The Gateway is a substantial detached Late Georgian building in red brick with a slate roof. Now divided into two dwellings, it has two storeys with three bays to the front. The Gateway stands immediately adjacent to the street while The Hawthorns, to its left, is set back behind a walled courtyard, so that the entire left face of The Gateway is visible from the street. A wide stone string course encircles the building immediately below the level of the first-floor windows, and there is a wooden cornice at eaves level.
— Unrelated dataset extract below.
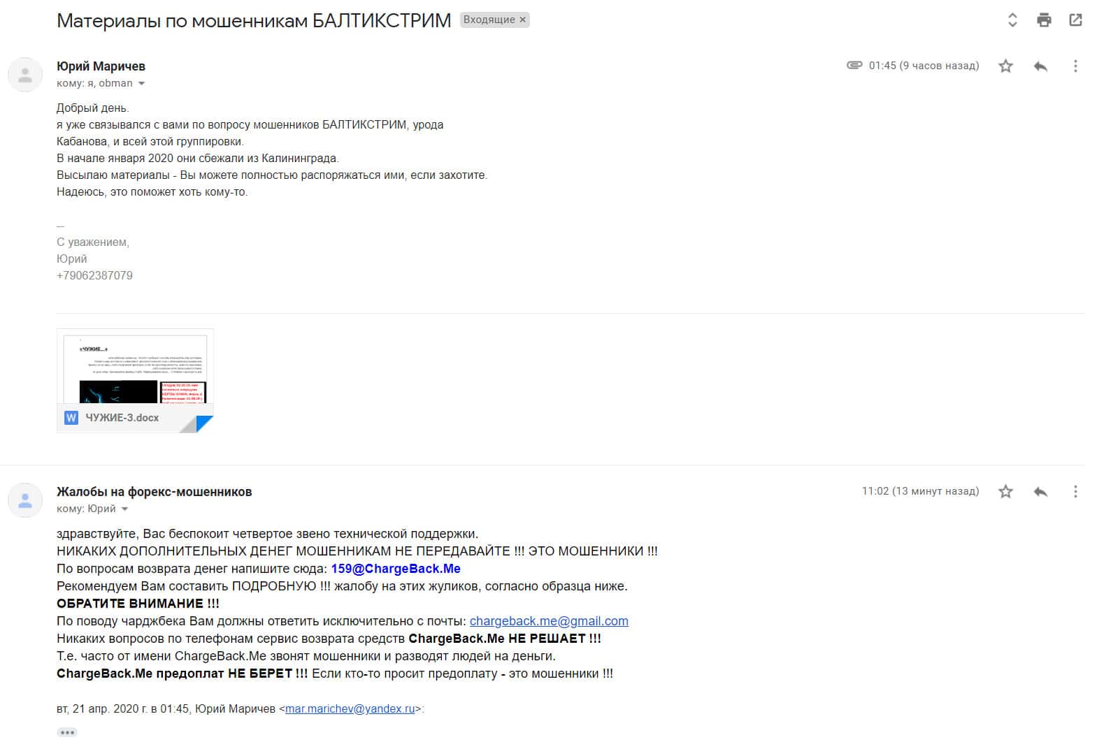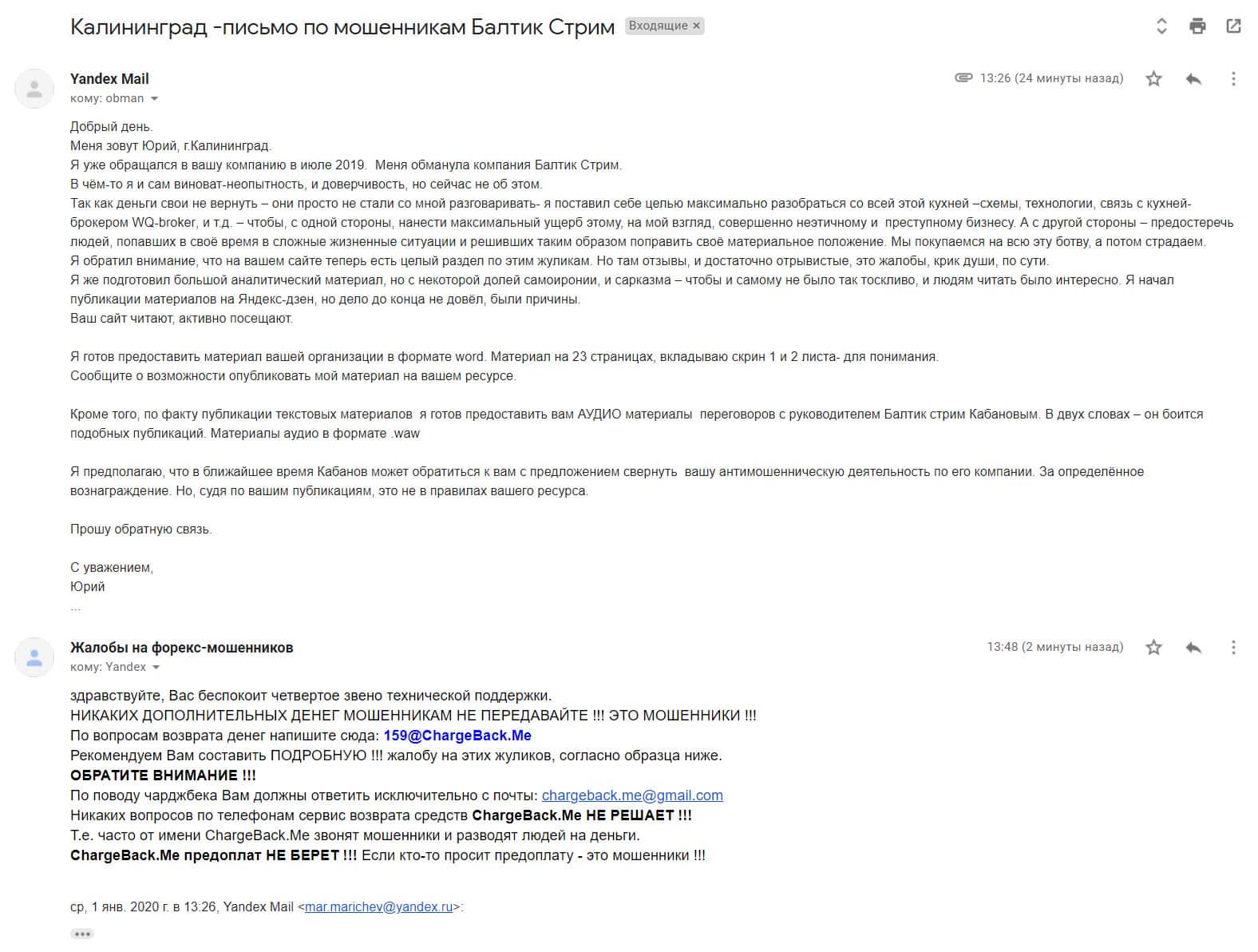 Далее представлено письмо, в котором автор жалобы прикрепил развернутые сведения касательно деятельности аферистов Балтик Стрим.

The symmetrical front façade has a central slightly projecting section of a single bay width, which is capped with a pediment. There is a prominent central stone archway leading to the Porch House, which is framed by a large two-storey recess with an arched top outlined in brick. Above the archway, within the recess, is a small window with an arched top. The flanking wings on the front façade each have a similar recess containing a large sash window on the ground floor and a smaller one with an arched top on the first floor. This unit is twice repeated on each side of the building, with slight variations: on the side faces, the first-floor windows nearest the street have horizontal tops, and the windows to the Red Lion Lane face are blind. The main entrances to the two houses are within the archway.

==See also==
- Listed buildings in Nantwich

==Sources==
- Bavington G et al. Nantwich, Worleston & Wybunbury: A Portrait in Old Picture Postcards (Brampton Publications; 1987) (ISBN 0 9511469 6 3)
- Pevsner N, Hubbard E. The Buildings of England: Cheshire (Penguin Books; 1971) (ISBN 0 14 071042 6)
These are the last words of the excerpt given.